We identified significant DEGs through high-throughput sequencing. These genes were primarily enriched in inflammatory activation, epithelial-mesenchymal transition (EMT) and tight junction organization. Upregulated expression of both CREB3 L3 and C-reactive protein (CRP) in bladder urothelium from patients with DCP was accompanied by upregulated EMT markers including N-cadherin and vimentin proteins, but downregulated E-cadherin. Silencing CREB3 L3 attenuated the protein expression of CRP and EMT in SV-HUC-1 urothelial cells under hyperglycemic conditions and in the diabetes mellitus rat model at 4, 8, and 12 weeks. CREB3 L3 knockdown also reversed downregulation of the tight junction proteins occludin and claudin 1.

CONCLUSION

Hyperglycemia induces the upregulation of CREB3 L3 expression, thereby promoting the EMT and impairing tight junctions in bladder urothelial cells. Targeting CREB3 L3 in bladder urothelial cells is likely to be a key approach in preventing and treating DCP.

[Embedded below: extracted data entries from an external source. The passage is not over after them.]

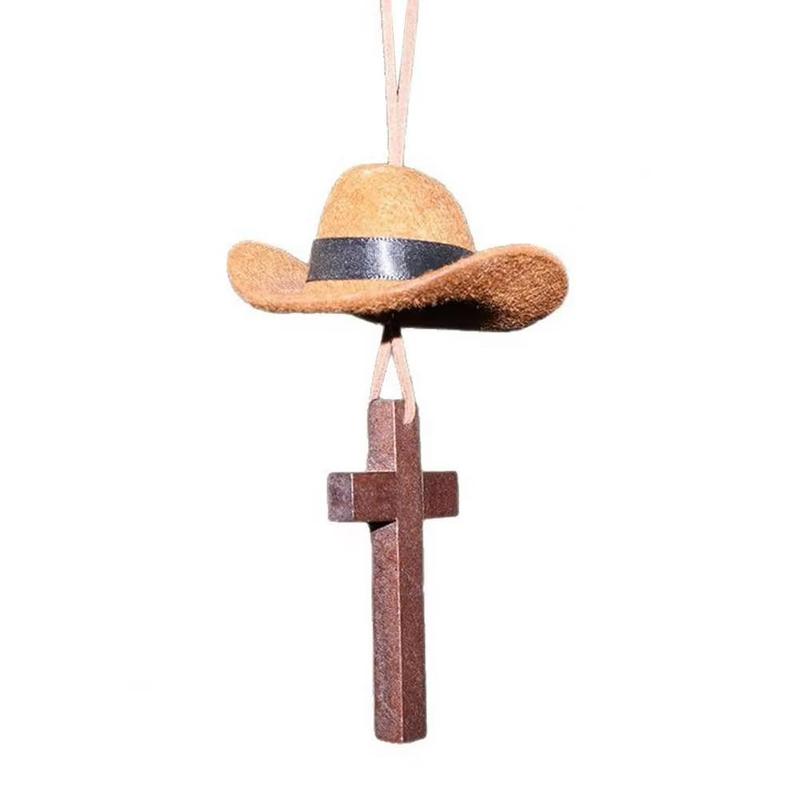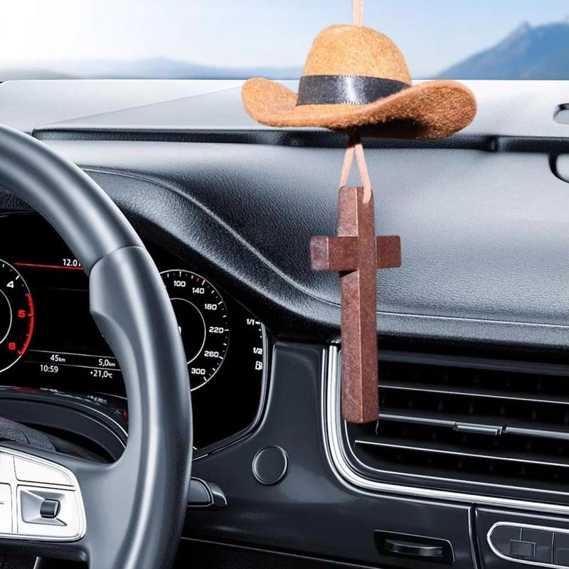 JOYTUTUS Western Style Cowboy Hat Car Pendant Charm for Rear View Mirror Women's Automobile Hanging Decor with Wooden Cross Accent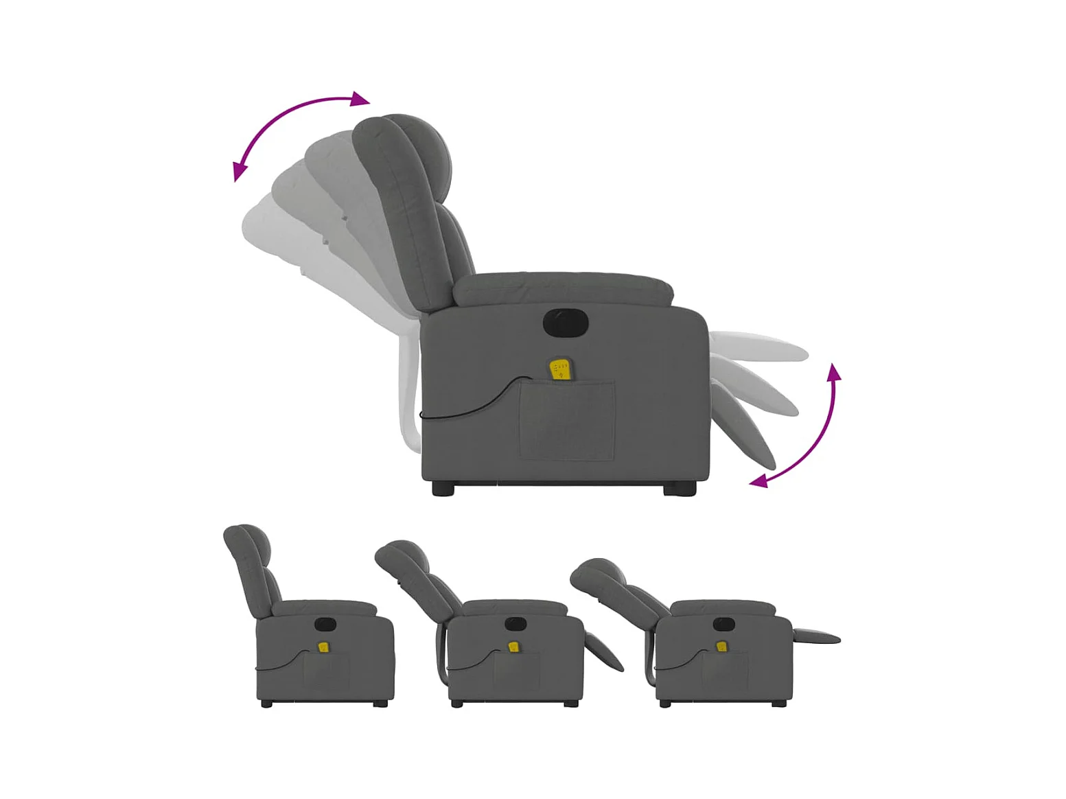 Poltrona elétrica elevatória massagens tecido cinzento-escuro SHL220322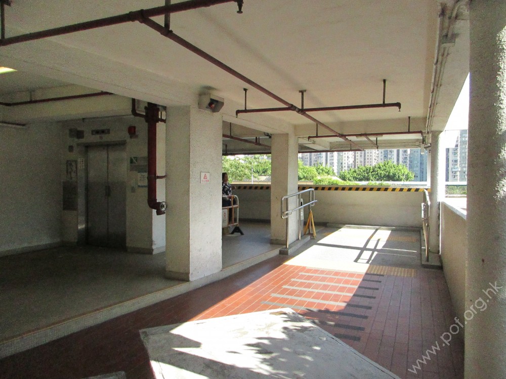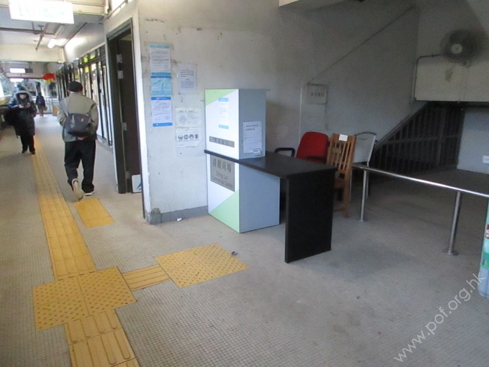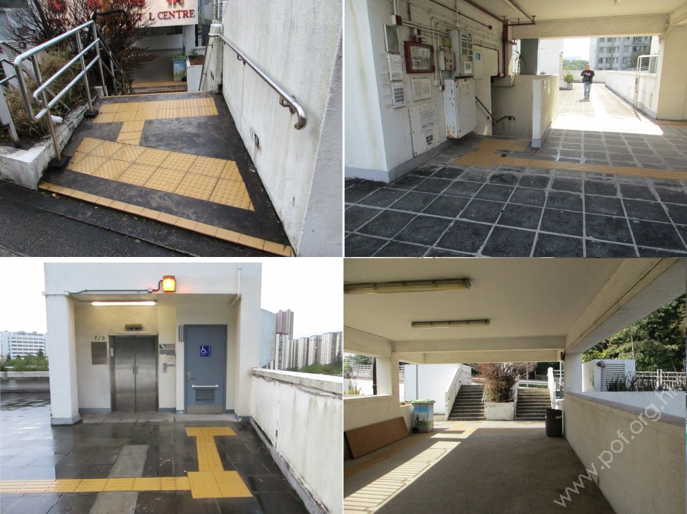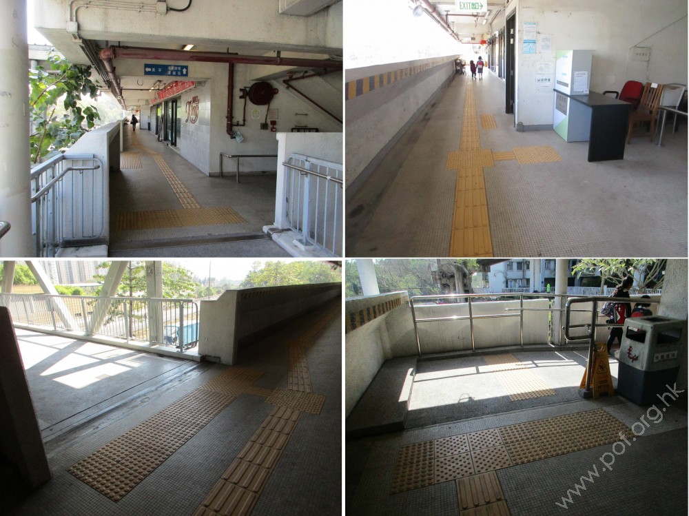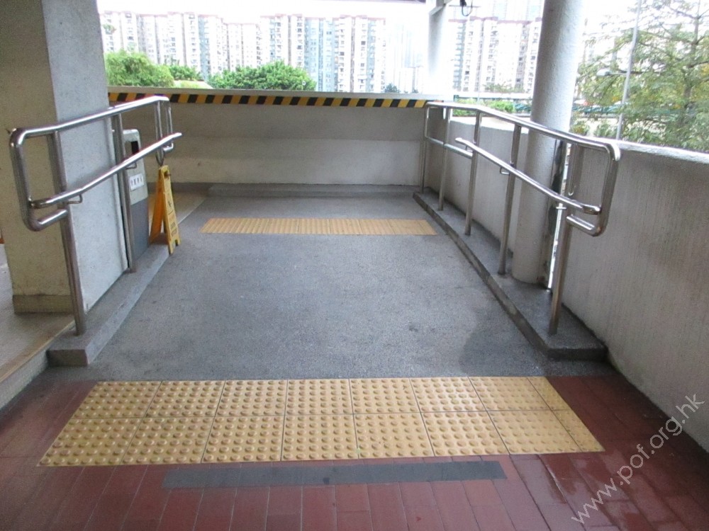 商場走廊與屋邨通道之間有一級梯級障礙,通道的一邊設有一條斜道輔助上落,斜道的兩邊設有扶手。有一條觸覺引路帶由斜道的頂部開始引向商場。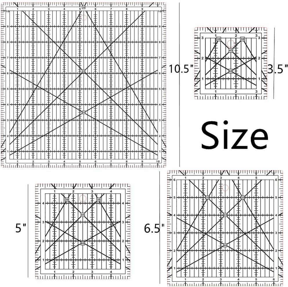 Introducing the ultimate set of Quilting Rulers and Templates for all your quilting projects! This set includes 4 Quilting Templates Square Rulers in varying sizes – 3.5 inches, 5 inches, 6.5 inches, and 10.5 inches – to cater to all your quilting needs.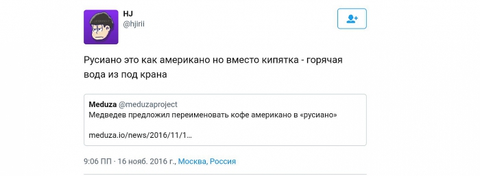 Новость о том, что премьер-министр Дмитрий Медведев предложил переименовать «неполиткорректный» американо, СМИ растиражировали с подачи РИА Новости. Агентство сообщило, что таким образом глава правительства пошутил на заседании Евразийского межправительственного совета. Позже выяснилось, что новое название - «русиано» - придумал не Медведев, а представитель армянской делегации.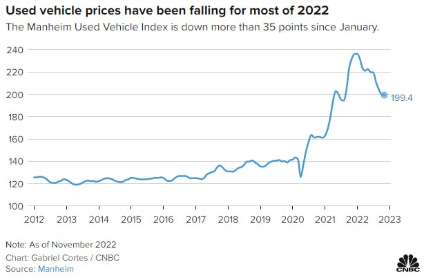 在美联储加息、新车供应增加以及对衰退的担忧等因素下,美国二手车销售下滑,二手车批发价格在11月跌至一年多来的最低水平。美国最大汽车线上线下(O2O)交易平台Cox Automotive表示,公司旗下用于衡量二手车价格变化趋势的Manheim指数(Manheim U.S. Used Vehicle Value Index)在11月跌至199.4,自2021年8月以来首次跌破200,较上年同期下降14.2%,这也是该指数连续第六个月下降。此外,该指数已较2022年1-11月期间的创纪录高点下跌了15.6%。

Keywords: Diabetic cystopathy; Epithelial-mesenchymal transition; Hyperglycemia

Core Tip: Diabetic cystopathy (DCP), a debilitating complication of diabetes mellitus, involves hyperglycemia-driven bladder dysfunction. This study identified cAMP-responsive element-binding protein 3 like 3 (CREB3 L3) as a novel mediator of DCP pathogenesis. Chronic hyperglycemia induced CREB3 L3 overexpression in bladder urothelium, promoting C-reactive protein-dependent inflammation, epithelial-mesenchymal transition (EMT), and tight junction disruption. Silencing CREB3 L3 in SV-HUC-1 urothelial cells and a DCP rat model reversed EMT markers (downregulation of N-cadherin downregulation and upregulation of E-cadherin), restored barrier proteins (occludin/claudin 1), and attenuated bladder remodeling. These findings establish CREB3 L3 as a therapeutic target to preserve urothelial integrity and mitigate DCP progression.